Scarborough Library is a historic public library in Scarborough, North Yorkshire, a town in England.

The Odd Fellows constructed a hall on Vernon Road in Scarborough in 1840. The building was designed by J. Gibson and W. Johnson, in a neoclassical style. It was soon converted into a mechanics' institute, and by 1856 it reported having 386 members, a library with 1,381 volumes, and a reading room with assorted periodicals. In 1930, it became the town's first public library. The interior was remodelled, and extended into an adjoining house. On the first floor, a large room housed a natural history collection, donated by James Jonathan Harrison. In about 1951, this was moved to Woodend House, and the room was converted into an events space. In 1955, Stephen Joseph established the UK's first professional theatre in the round in the room. Joseph died in 1967, and Alan Ayckbourn then led the company, which remained in the building until 1976. The building has been grade II listed since 1953.

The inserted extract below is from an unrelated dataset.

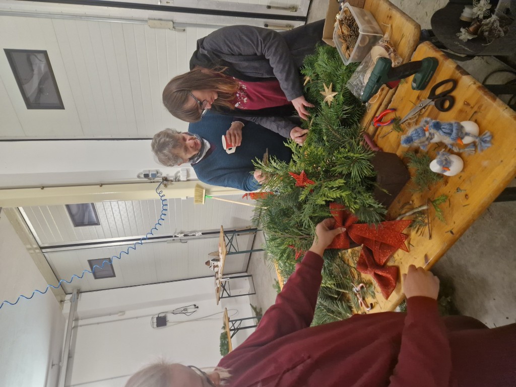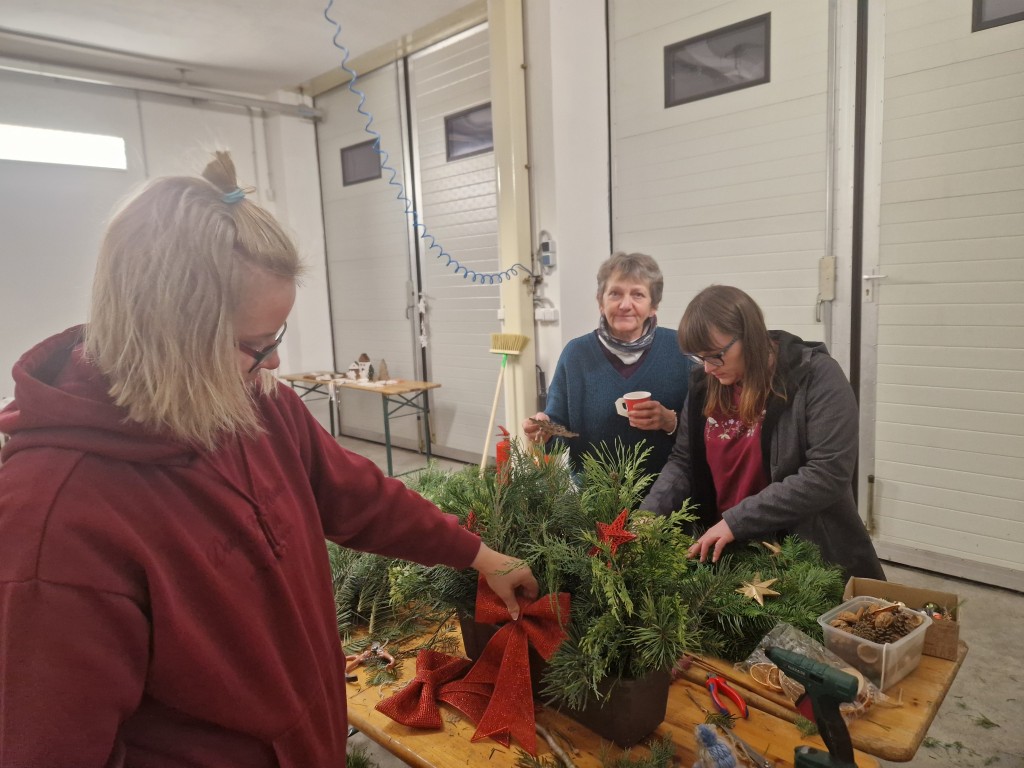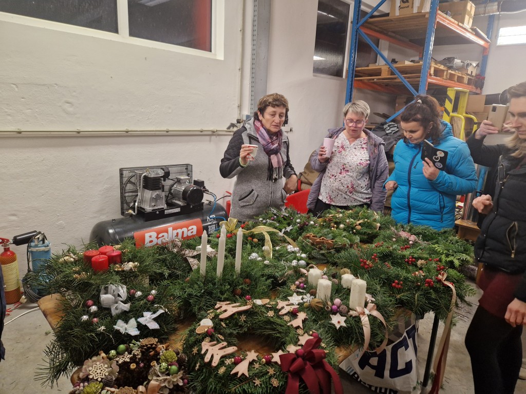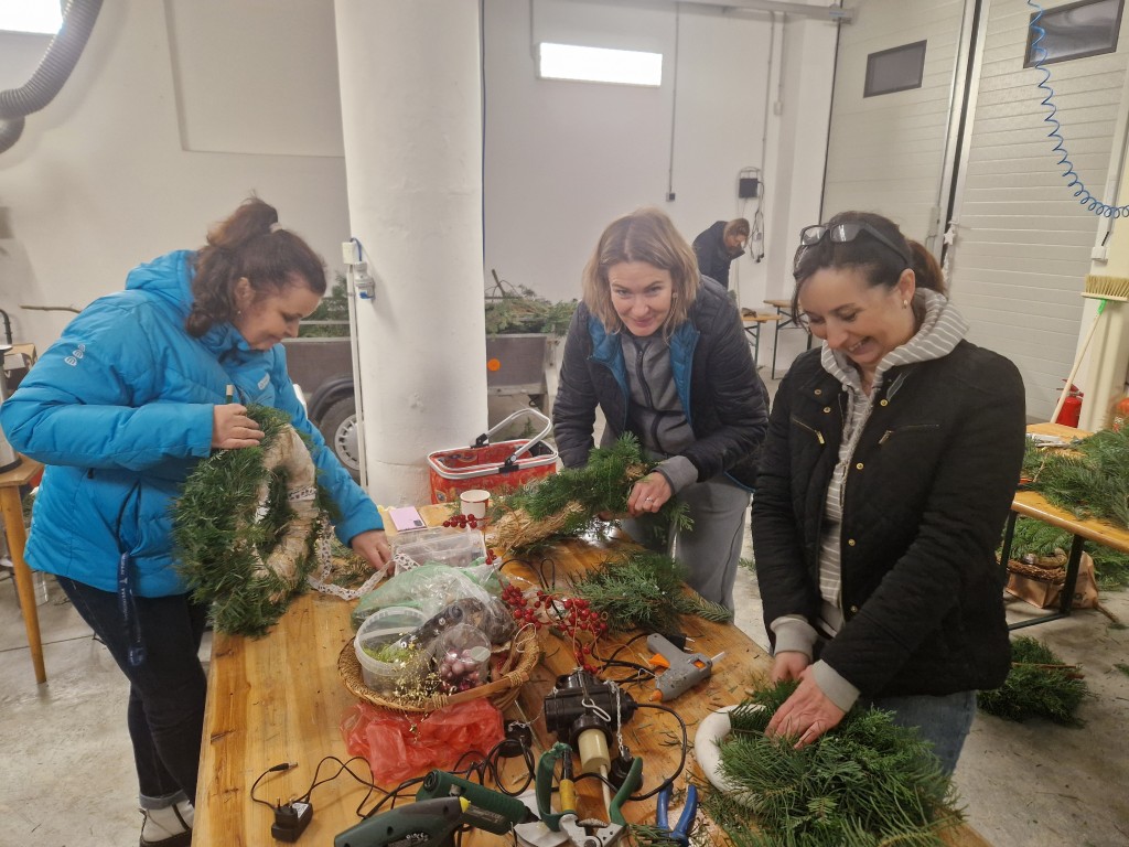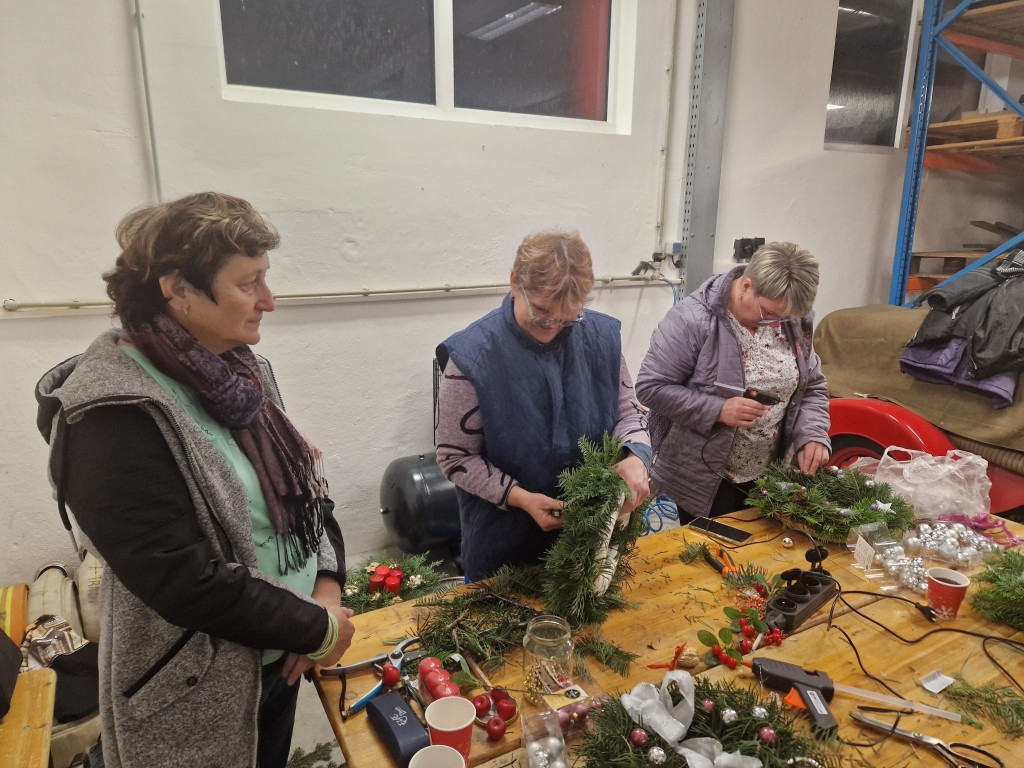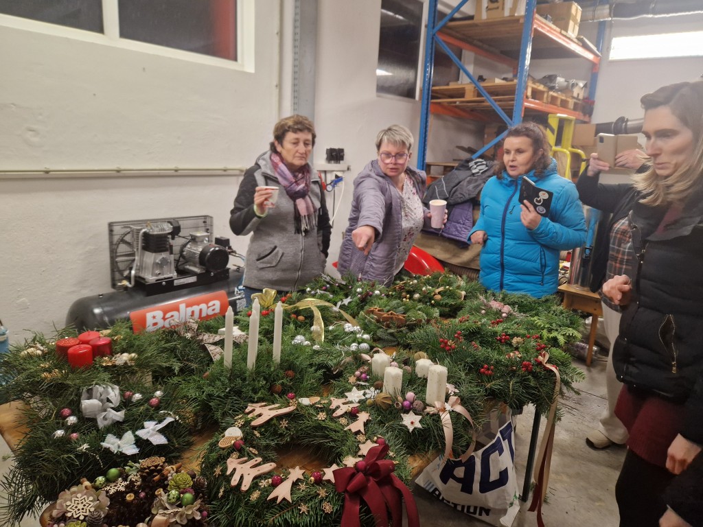 Gábina Michlová provedla účastníky celým procesem výroby adventních věnců. K dispozici byly větvičky jehličnanů. Zároveň si každý přinesl i vlastní ozdoby a materiály. Nechybělo společné sdílení nápadů, vzájemná inspirace a tipy od Gábiny, které se všem individuálně věnovala.

The library is built of stone, with two storeys and five bays, the middle three bays recessed, and a canted bay on the right corner. In the centre of the ground floor are four Greek Doric columns and an entablature, and windows in all bays. The upper floor has four Ionic columns and an entablature, and in each bay is a recessed arched panel containing a wreath in the tympanum. At the top is a panelled parapet, projecting over the outer bays.